- [What you have to do]:
Where the records appear below, transcribe them exactly, leaving none out.

- [Input data]:
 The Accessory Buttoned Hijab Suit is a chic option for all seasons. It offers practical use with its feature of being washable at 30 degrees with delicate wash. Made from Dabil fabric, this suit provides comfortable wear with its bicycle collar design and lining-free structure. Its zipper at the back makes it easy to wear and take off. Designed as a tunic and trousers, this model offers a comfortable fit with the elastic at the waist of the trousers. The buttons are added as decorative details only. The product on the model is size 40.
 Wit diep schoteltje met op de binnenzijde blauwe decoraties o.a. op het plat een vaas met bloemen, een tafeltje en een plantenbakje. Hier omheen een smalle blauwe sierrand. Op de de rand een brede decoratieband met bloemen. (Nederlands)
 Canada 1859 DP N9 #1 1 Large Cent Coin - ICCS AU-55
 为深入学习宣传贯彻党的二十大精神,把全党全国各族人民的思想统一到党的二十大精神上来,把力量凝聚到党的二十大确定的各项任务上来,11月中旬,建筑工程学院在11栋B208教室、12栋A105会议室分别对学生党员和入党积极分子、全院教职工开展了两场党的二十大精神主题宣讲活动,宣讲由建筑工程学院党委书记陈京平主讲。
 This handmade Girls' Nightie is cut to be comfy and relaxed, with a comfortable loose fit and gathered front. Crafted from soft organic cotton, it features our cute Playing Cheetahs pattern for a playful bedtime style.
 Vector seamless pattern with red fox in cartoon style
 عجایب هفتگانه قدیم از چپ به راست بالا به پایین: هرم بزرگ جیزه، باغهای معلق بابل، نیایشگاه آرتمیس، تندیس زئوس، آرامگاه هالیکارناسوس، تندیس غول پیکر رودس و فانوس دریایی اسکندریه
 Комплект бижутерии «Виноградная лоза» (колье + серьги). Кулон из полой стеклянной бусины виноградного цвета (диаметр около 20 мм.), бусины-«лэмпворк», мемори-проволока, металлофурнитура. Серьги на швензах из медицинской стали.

- [Result of the task]:
 The Accessory Buttoned Hijab Suit is a chic option for all seasons. It offers practical use with its feature of being washable at 30 degrees with delicate wash. Made from Dabil fabric, this suit provides comfortable wear with its bicycle collar design and lining-free structure. Its zipper at the back makes it easy to wear and take off. Designed as a tunic and trousers, this model offers a comfortable fit with the elastic at the waist of the trousers. The buttons are added as decorative details only. The product on the model is size 40.
 Wit diep schoteltje met op de binnenzijde blauwe decoraties o.a. op het plat een vaas met bloemen, een tafeltje en een plantenbakje. Hier omheen een smalle blauwe sierrand. Op de de rand een brede decoratieband met bloemen. (Nederlands)
 Canada 1859 DP N9 #1 1 Large Cent Coin - ICCS AU-55
 为深入学习宣传贯彻党的二十大精神,把全党全国各族人民的思想统一到党的二十大精神上来,把力量凝聚到党的二十大确定的各项任务上来,11月中旬,建筑工程学院在11栋B208教室、12栋A105会议室分别对学生党员和入党积极分子、全院教职工开展了两场党的二十大精神主题宣讲活动,宣讲由建筑工程学院党委书记陈京平主讲。
 This handmade Girls' Nightie is cut to be comfy and relaxed, with a comfortable loose fit and gathered front. Crafted from soft organic cotton, it features our cute Playing Cheetahs pattern for a playful bedtime style.
 Vector seamless pattern with red fox in cartoon style
 عجایب هفتگانه قدیم از چپ به راست بالا به پایین: هرم بزرگ جیزه، باغهای معلق بابل، نیایشگاه آرتمیس، تندیس زئوس، آرامگاه هالیکارناسوس، تندیس غول پیکر رودس و فانوس دریایی اسکندریه
 Комплект бижутерии «Виноградная лоза» (колье + серьги). Кулон из полой стеклянной бусины виноградного цвета (диаметр около 20 мм.), бусины-«лэмпворк», мемори-проволока, металлофурнитура. Серьги на швензах из медицинской стали.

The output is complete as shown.